EXERCISE: Please repeat every record below exactly as written, but leave out the pictures.
########
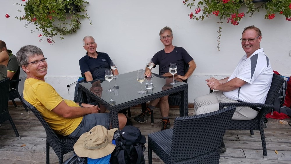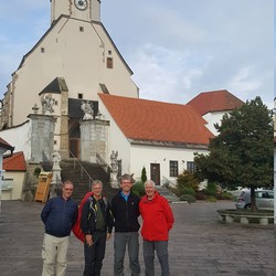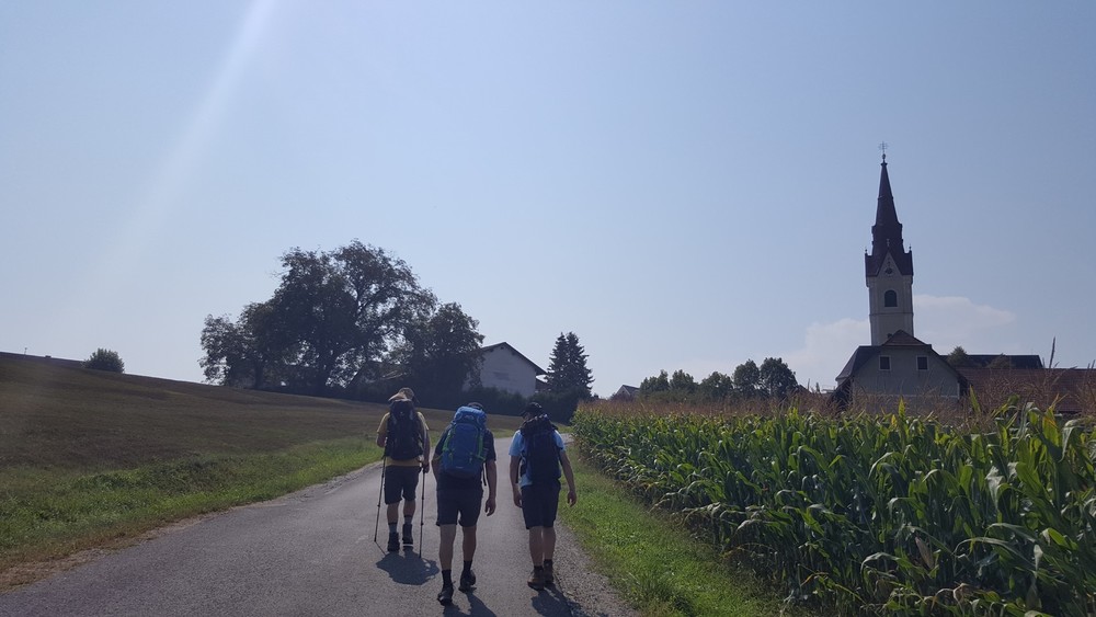 Am zweiten Tag führte uns der Weg - alle gut beschirmt (siehe Foto) - bei nassfeuchtem Wetter weiter nach Gamlitz. An der Ratscher Weinstraße überquerten wir die Staatsgrenze nach Sveti Kungota. Die Nächtigung erfolgte in Marburg.
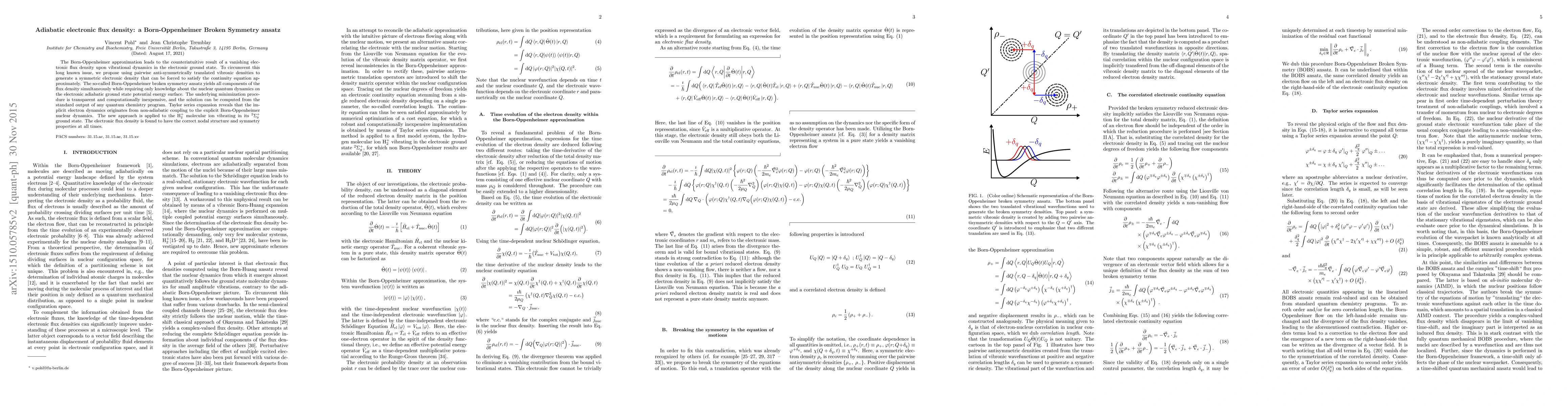 This paper proposes a Born-Oppenheimer broken symmetry ansatz to address the vanishing electronic flux density issue in the Born-Oppenheimer approximation, generating a symmetric electronic density that satisfies the continuity equation. The method is computationally efficient and applied to the ${\rm H}_2^+$ molecular ion, showing correct nodal structure.
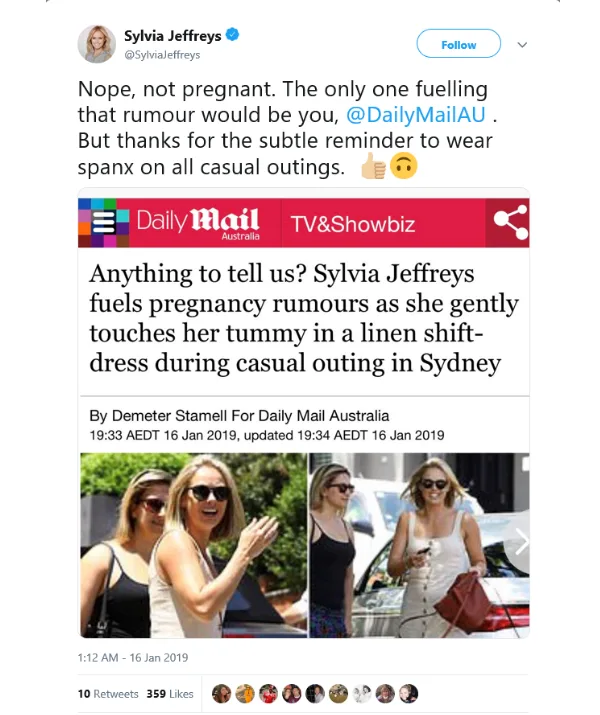 “The only one fuelling that rumour would be you, @DailyMailAU. But thanks for the subtle reminder to wear spanx on all casual outings.”
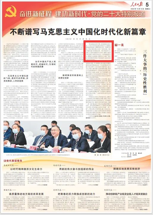 10月19日,《人民日报》“奋进新征程 建功新时代·党的二十大特别报道”专版头条刊发《不断谱写马克思主义中国化时代化新篇章》。报道中,米兰体育(中国区)体育官方网站党组成员、副总经理卢洪早代表表示:“抓创新就是抓发展,谋创新就是谋未来。只有以科学的态度对待科学、以真理的精神追求真理,以满腔热忱对待一切新生事物,才能不断拓展认识的广度和深度,不断实现新突破、取得新成果。我们将坚持守正创新,以国家战略需求为导向,集聚力量进行原创性引领性科技攻关,为保障能源安全、增强自主创新能力提供有力支撑。”以下为报道全文:
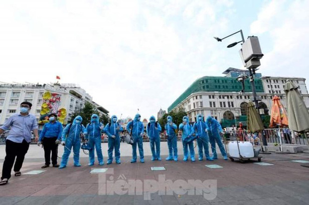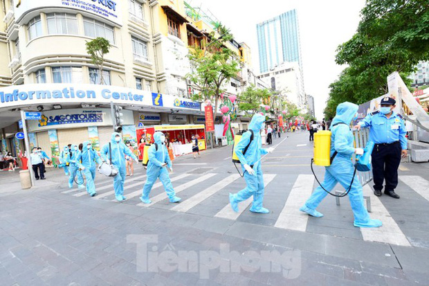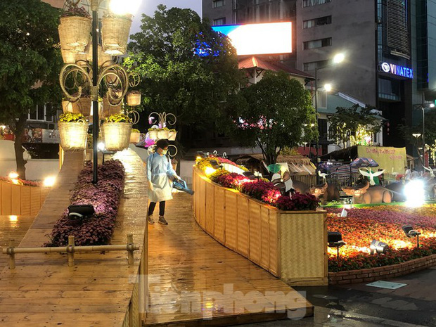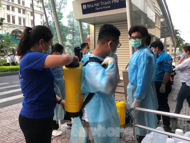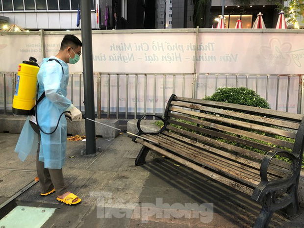 Để phòng chống dịch COVID-19, vào 17h mỗi ngày, sau khi khách đã rời đường hoa Nguyễn Huệ (TP.HCM), Thành đoàn sẽ thực hiện nhiệm vụ phun khử khuẩn toàn bộ khu vực này.
########
FINAL ANSWER:
 Am zweiten Tag führte uns der Weg - alle gut beschirmt (siehe Foto) - bei nassfeuchtem Wetter weiter nach Gamlitz. An der Ratscher Weinstraße überquerten wir die Staatsgrenze nach Sveti Kungota. Die Nächtigung erfolgte in Marburg.
 This paper proposes a Born-Oppenheimer broken symmetry ansatz to address the vanishing electronic flux density issue in the Born-Oppenheimer approximation, generating a symmetric electronic density that satisfies the continuity equation. The method is computationally efficient and applied to the ${\rm H}_2^+$ molecular ion, showing correct nodal structure.
 “The only one fuelling that rumour would be you, @DailyMailAU. But thanks for the subtle reminder to wear spanx on all casual outings.”
 10月19日,《人民日报》“奋进新征程 建功新时代·党的二十大特别报道”专版头条刊发《不断谱写马克思主义中国化时代化新篇章》。报道中,米兰体育(中国区)体育官方网站党组成员、副总经理卢洪早代表表示:“抓创新就是抓发展,谋创新就是谋未来。只有以科学的态度对待科学、以真理的精神追求真理,以满腔热忱对待一切新生事物,才能不断拓展认识的广度和深度,不断实现新突破、取得新成果。我们将坚持守正创新,以国家战略需求为导向,集聚力量进行原创性引领性科技攻关,为保障能源安全、增强自主创新能力提供有力支撑。”以下为报道全文:
 Để phòng chống dịch COVID-19, vào 17h mỗi ngày, sau khi khách đã rời đường hoa Nguyễn Huệ (TP.HCM), Thành đoàn sẽ thực hiện nhiệm vụ phun khử khuẩn toàn bộ khu vực này.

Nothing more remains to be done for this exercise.